I had him for months now, but the film just started to form these past couple weeks. 
what I changed is I started putting water conditioner in the water, before I just let it sit over night before doing a water change.
I'll scrub the tanks wall's when I do my next water change, see if that will help

with what can I scrub the tank wall's with, it's an acrylic tank, so I don't wanna scratch it more 

ScuitoAmi150 I hope u found some help with ur problem


----------



## dr2b (May 31, 2009)

I use paper towels to clean the tank wall and it works just fine (I have an acrylic tank also). The key is the large water change. You have to put more water in than you take out to get rid of the film. I found that even if there are traces of it on the top when you are finished taking water out, the clean water gets rid of it. Actually, I had to do this on Sunday with Flair's tank. I had just a little bit of the film left... but when I added the water in... it got rid of it. I've also seen people say it comes from water not being agitated enough... but I'm not sure how true this is.


----------



## JaspersANGEL (Oct 12, 2009)

probably, I was wondering if I could buy the bigger bottles of water conditioner, so I asked at my petsmart what was the difference between the small betta bottles and the bigger bottles, and she said that the NutraFin Betta Plus Water conditioner was made for the betta bowls that had no to not enough water agitation (so no to almost no filmy gunk on the water) 
and the normal water conditioner was made for tanks with allot of water agitation

hehe thankx for the info dr2b, I'll def. do that on my next water change to see if it helps


----------



## ScuitoAmi150 (Nov 19, 2009)

Hmm. I must not have scrubbed the walls well enough when I set the tank up, it appeared before I even put the fish in. Its a 10g so I can't take all of the water out , but I can scrub them. 
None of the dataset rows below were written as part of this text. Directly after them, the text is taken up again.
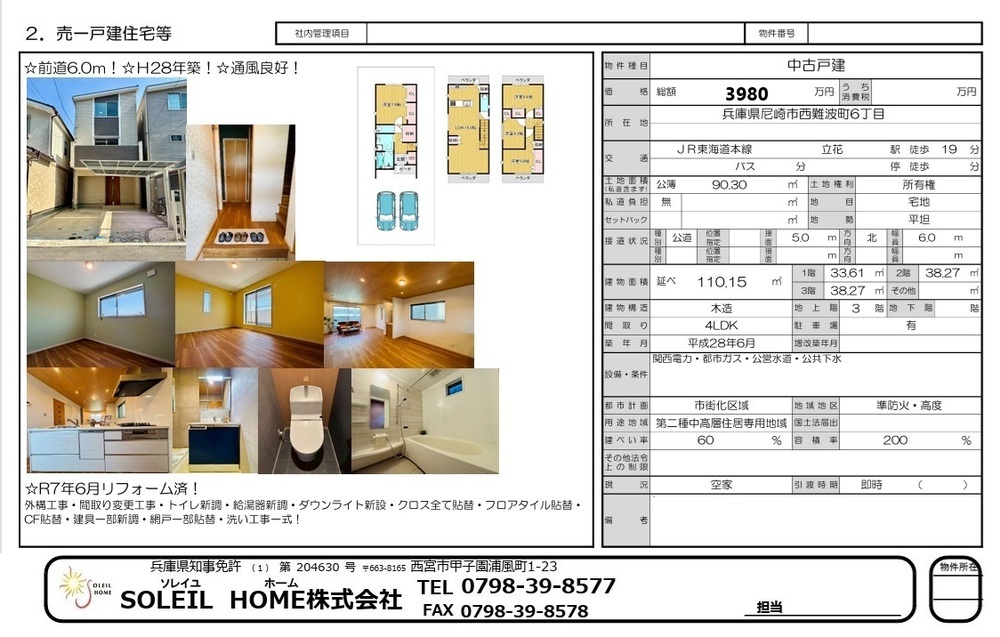 駐車2台可 / 2沿線以上利用可 / LDK18畳以上 / スーパー 徒歩10分以内 / 内装リフォーム / システムキッチン / 陽当り良好 / 全居室収納 / 駅まで平坦 / 閑静な住宅地 / 総合病院 徒歩10分以内 / 前道6m以上 / シャワー付洗面化粧台 / 対面式キッチン / トイレ2ヶ所 / 浴室1坪以上 / 外装リフォーム / 2面以上バルコニー / 南面バルコニー / フローリング張替 / 浴室に窓 / TVモニタ付インターホン / 通風良好 / 全居室フローリング / 3階建以上 / リビング階段 / 都市ガス / シューズインクローク / 小学校 徒歩10分以内 / 平坦地 / 食器洗乾燥機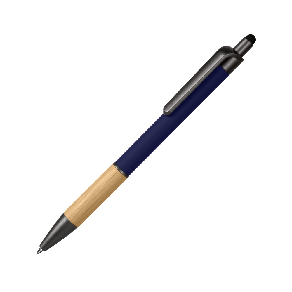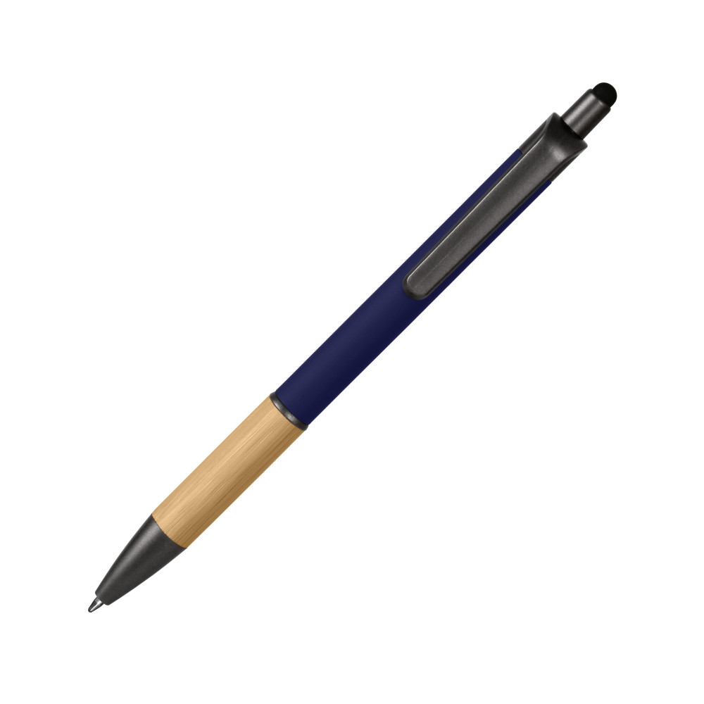 Ручка-стилус кулькова, корпус металевий з покриттям софт-тач, бамбукова вставка, кліп з пластику. Стержень з синім чорнилом. Рекомендований метод нанесення - гравіювання, УФ-друк. Матеріал: метал, пластик, силікон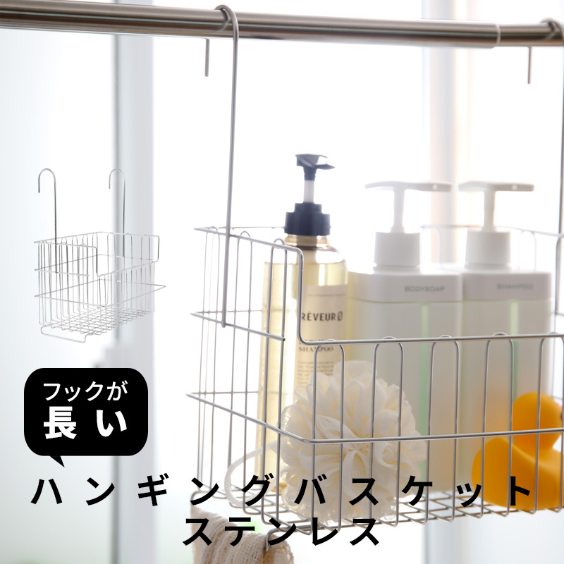 タオルバーを使って収納を増やせるのはいいけれど、ボディタオルはどうすればいいの?を解決した、前面にハンギングバーがついたデザインになっています。 ボディタオルはもちろん、お手持ちのフックを使えば洗顔ネットやボディブラシ等の小物をかけておくことが出来ます。サッと手にとれるので使い易さもアップします。 また浴室乾燥の物干し竿にバスケットを掛ける際には底面両サイドの脚部分を使って小物を掛けるとバスケットが安定してお使いいただけます。 |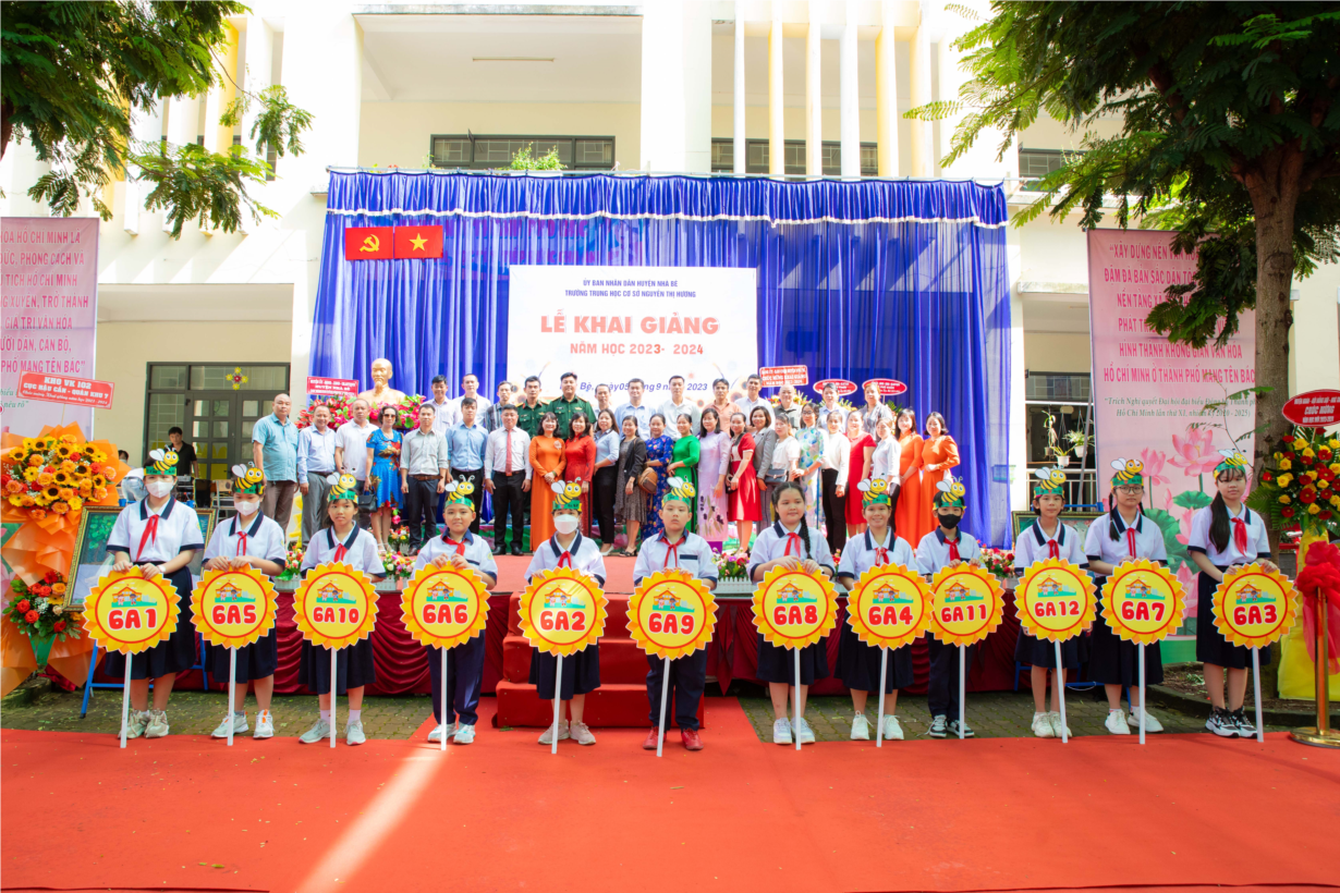 Sáng ngày 05/9/2023, Trường THCS Nguyễn Thị Hương tổ chức Lễ khai giảng năm học 2023-2024. Đến tham dự có sự góp mặt của Bà Lê Thị Oanh – Huyện ủy viên, Trưởng phòng Giáo dục và Đào tạo huyện Nhà Bè. Ông Lâm Tấn Đạt – Phó Bí thư thường trực Đảng ủy xã Phú Xuân. Bà Nguyễn Thị Bích Phụng – Bí thư xã Đoàn xã Phú Xuân. Bà Võ Thị Phương Lan – Phó Chủ tịch Ủy ban nhân dân xã Long Thới. Trung tá Võ Thanh Vũ – Chính trị viên, Phó Ban chỉ huy Quân sự huyện Nhà Bè. Bà Nguyễn Thị Kiều – Chủ tịch hội Phụ nữ nhà máy X51. Ông Minh Phương – Trưởng ban hậu cần kho xăng dầu VK102. Đại diện các ban ngành, đoàn thể, Ban đại diện Cha mẹ học sinh. Đặc biệt là sự tham dự của Ban Giám hiệu, quý thầy cô giáo và hơn 1570 em học sinh trường trung học cơ sở Nguyễn Thị Hương. Sau đây là một số hình ảnh của buổi lễ.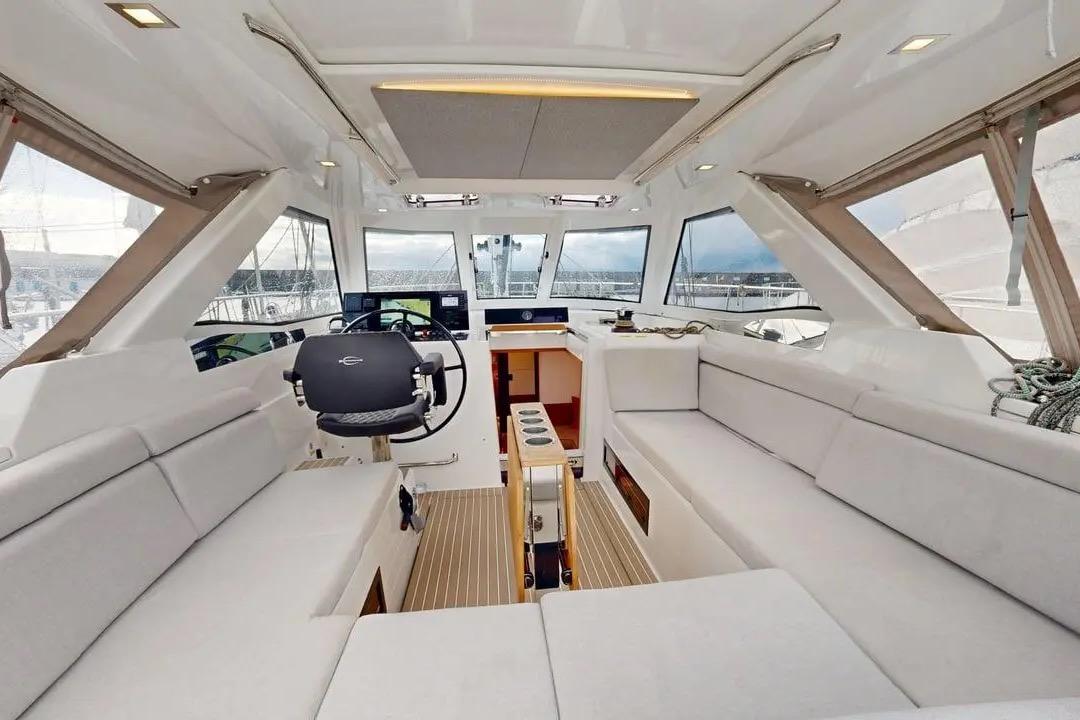 Le guindeau électrique facilite les manœuvres d’ancrage, tandis que l’hélice repliable améliore les performances et l’efficacité sous voiles.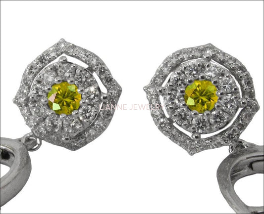 Vintage Diamond Earrings Yellow Sapphire Earrings Drop Chandelier Earrings Wedding Earrings Floral Earrings 14K White Gold Vintage Earrings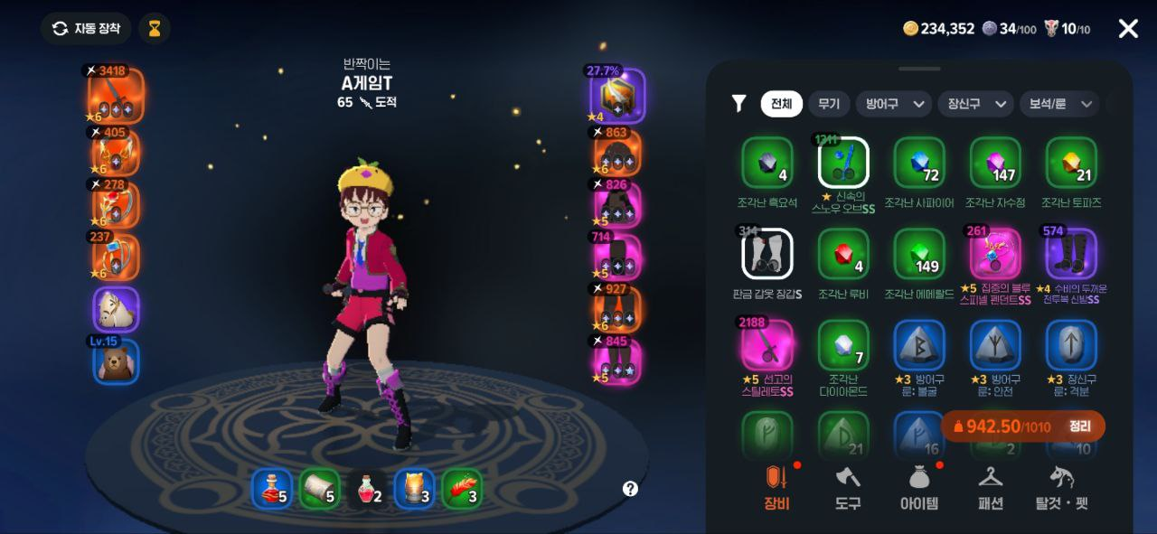 - 부캐릭터로 어비스 던전을 클리어해 화석 수집

I use a ACI (whatever that company is that has the really good conditioner) Chloramine Bond Breaker (something like that).


----------



## dr2b (May 31, 2009)

Did you take the water out and then scrub? You don't have to take all the water out... just more than normal.


----------



## Synthisis (Jun 4, 2009)

Why would you take all the water out?

In the case of a 10gallon, change 6 gallons.


----------



## Mistawasis (Mar 1, 2010)

I have the same film on my water, is it dangerous to the fish? My water is conditioned and all my ph and ammonia levels are safe....


----------



## dr2b (May 31, 2009)

I don't think it is. My water tests normal even with it there... it is just a nuisance.


----------



## pixiedust (Mar 15, 2010)

only one of my betas tank gets it, and its off and on. some times it will pop up in one day, some times a week, but the main thing ive noticed, it always (for me) seems to be in glass tanks, not with a good cover, or uncovered and for my less active fish. my observations. hopefully we can find an answer cause it freaks me out to.


----------



## Mistawasis (Mar 1, 2010)

My tank is a glass tank, maybe we are onto something eh pixiedust?


----------



## dr2b (May 31, 2009)

My tank is acrylic though. So it wouldn't explain mine or the other girl who has acrylic.


----------



## pixiedust (Mar 15, 2010)

well maybe its jsut certain betas


----------



## ScuitoAmi150 (Nov 19, 2009)

It is weird though. It couldn't be certain bettas because I mine is a sorority tank (4 girls), and I had them all in separate tanks before I set up this one.

I changed a ton of the water today. I'm hoping it gets rid of it.


----------